System Design: End-to-End Image Object-Detection Service
Context
Design a production-grade service that ingests user-uploaded images, runs object detection models, and returns detections via APIs. Assume both synchronous (low-latency) and asynchronous (high-throughput) use cases.
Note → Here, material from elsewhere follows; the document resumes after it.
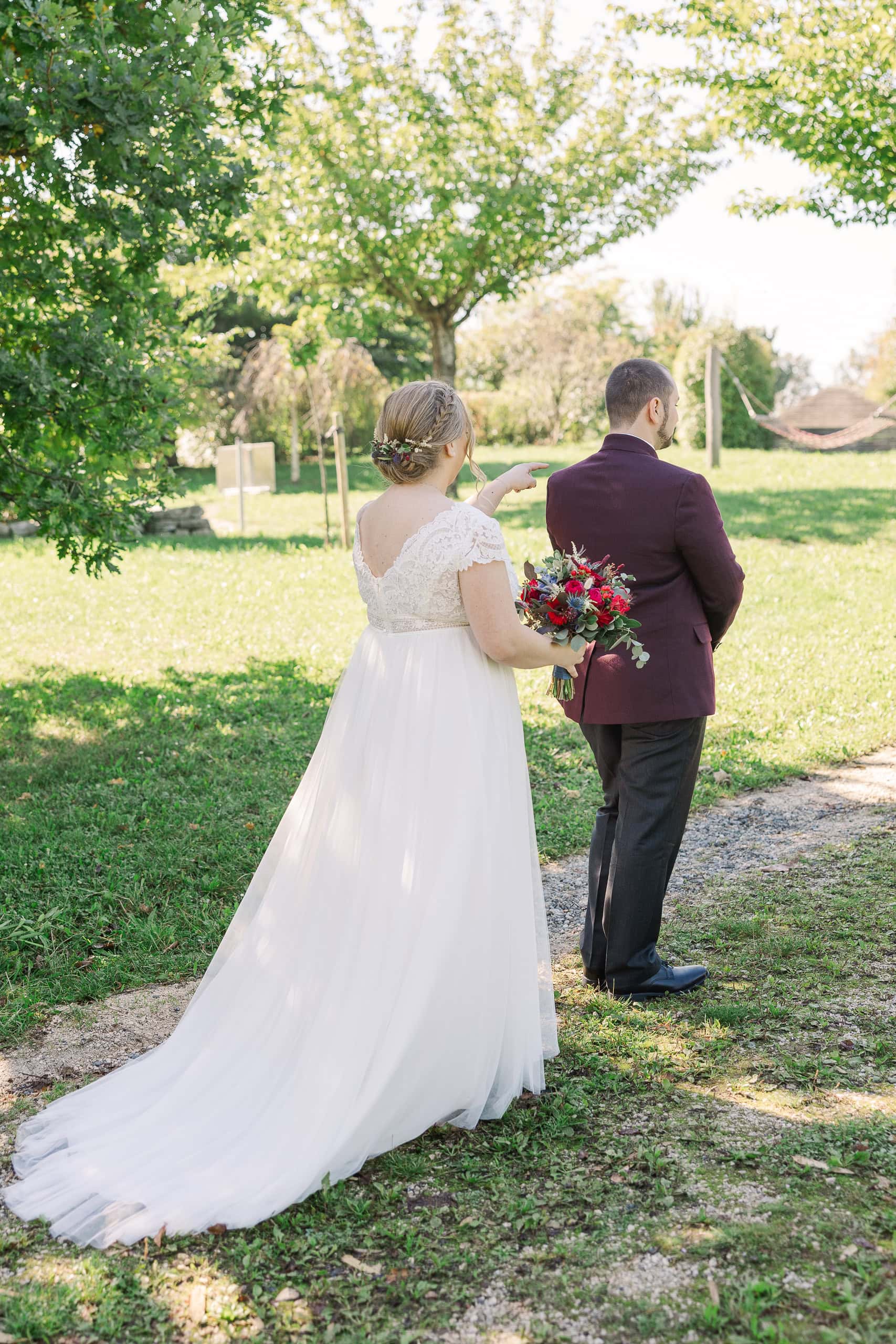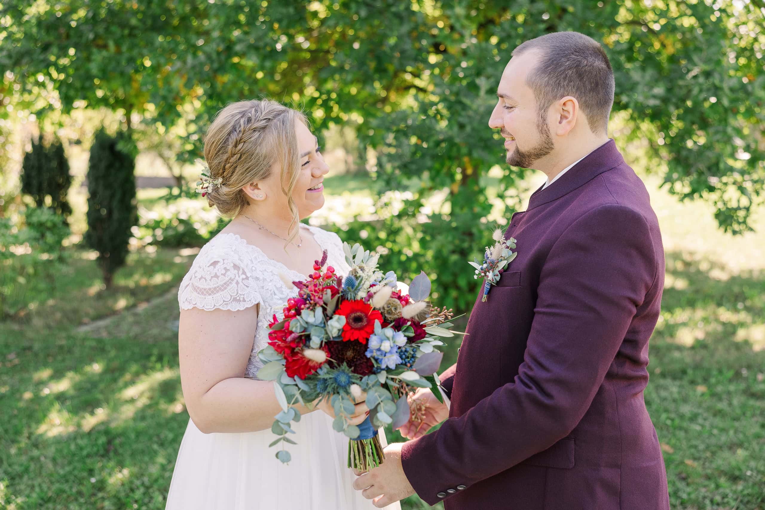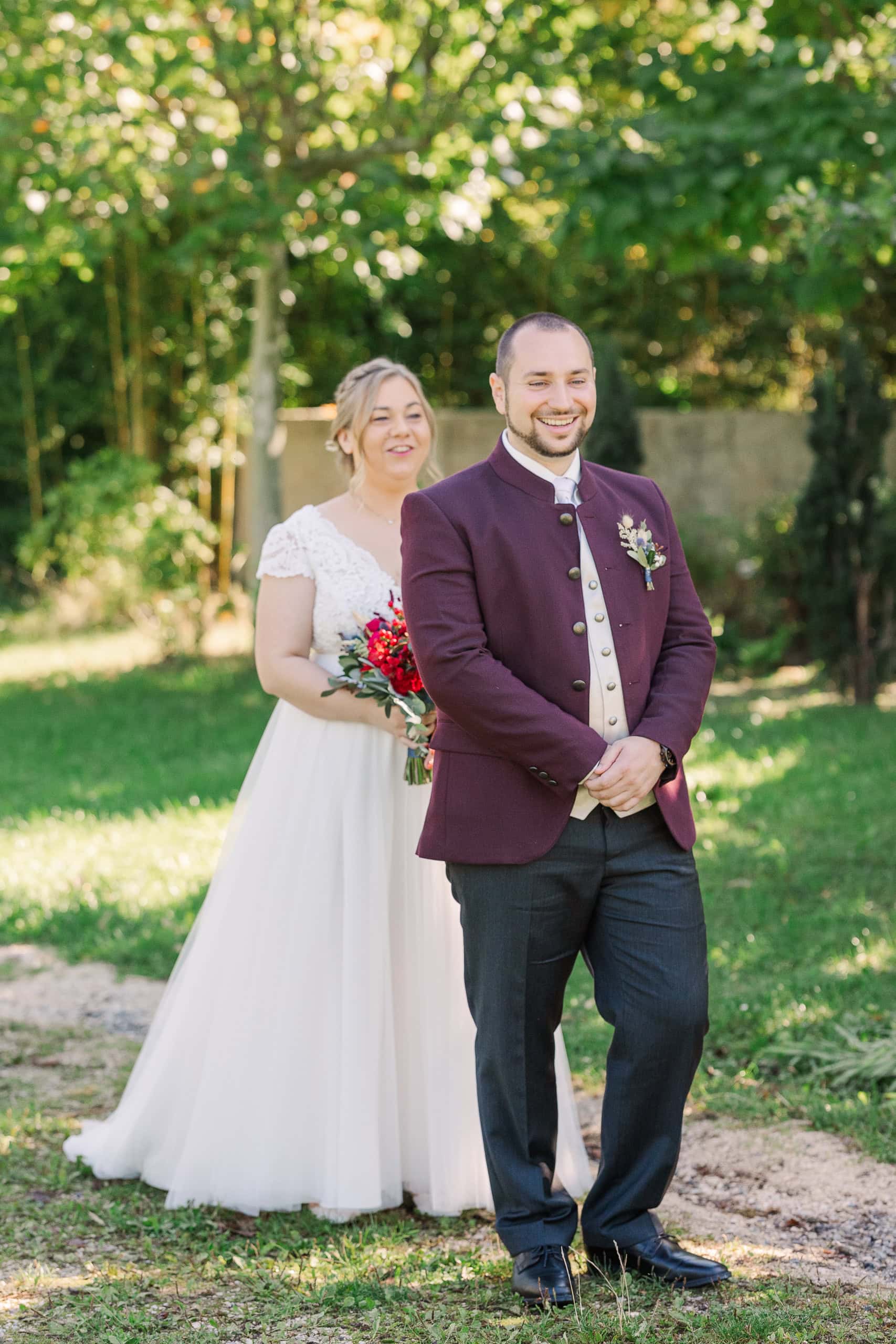Bevor es in die Kirche ging, hatten Katja und Stefan einen Moment nur für sich geplant: den First Look im Park der Gartenbauschule Ritzlhof. Ich liebe diese Location für Paarfotos – an jeder Ecke findet man andere Motive, alte Bäume, verschlungene Wege und eine Vielfalt an Grün, die man so selten auf einem Fleck hat.
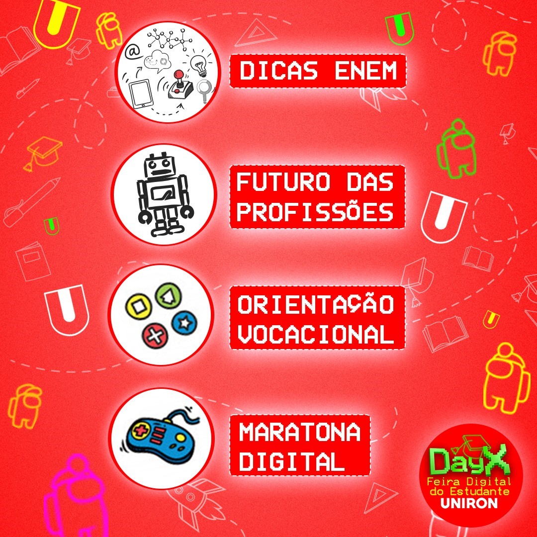 A UNIRON, realizará no dia 12 de dezembro o Day X – Feira do Estudante, das 14h às 18h. Este evento tem como objetivo a interação com alunos egressos do ensino médio. A programação contará com dicas para o Enem, interação com profissionais de diversas áreas falando sobre o futuro das profissões e esclarecendo dúvidas, dicas de mercado de trabalho e as transformações no mundo digital, orientação vocacional e a Maratona Digital.

If you need concrete numbers to reason about trade-offs, you may assume a moderate scale (e.g., 1–5k RPS peak, average image ~1 MB, typical image sizes 640–2048 px on the long side), but state any assumptions you make.
Requirements
Specify the following:
-
Functional requirements
-
Public APIs to submit images and retrieve detections
-
Synchronous detection for small/latency-sensitive requests
-
Asynchronous detection for large images/bulk loads
-
Idempotency, pagination, authentication/authorization
-
Result formats (bounding boxes, classes, confidences; optional masks)
-
Non-functional requirements
-
Accuracy targets (e.g., mAP@0.5, mAP@[0.5:0.95])
-
Latency SLOs (p50/p95 for sync vs. async)
-
Throughput targets (RPS or jobs/sec)
-
Availability (e.g., 99.9%+), durability, cost constraints
High-Level Architecture
Describe at a high level:
-
Ingestion (upload endpoints, pre-signed URLs)
-
Storage (object store for images, DB for metadata/results)
-
Preprocessing pipeline (resize/normalize/EXIF/format conversion)
-
Model serving tier (GPU inference, batching)
-
Asynchronous workers and queues (with DLQs/backpressure)
-
APIs for submit/status/results
-
Observability (metrics/logs/traces)
Data/Version Management
-
Model registry, dataset versioning, schema evolution
-
Reproducible training and rollbacks (model and data)
Performance/Operations
-
Batching strategy, GPU utilization, concurrency
-
Autoscaling strategy (request- and queue-driven)
-
Caching strategies (results, model artifacts)
Modeling & ML Ops
-
Model choices: single-stage vs two-stage, and when to use each
-
Training and labeling pipeline (active learning, QA)
-
Evaluation metrics and validation gates
-
Online/offline monitoring (drift, quality, SLIs/SLOs)
-
A/B testing and rollout/guardrails
Reliability & Compliance
-
Failure modes, retries, backpressure, timeouts, circuit breakers
-
Privacy, compliance, data retention, regionality
-
Cost controls (GPU choice, right-sizing, spotting)
-
Deployment strategy (blue/green, canary, rollback)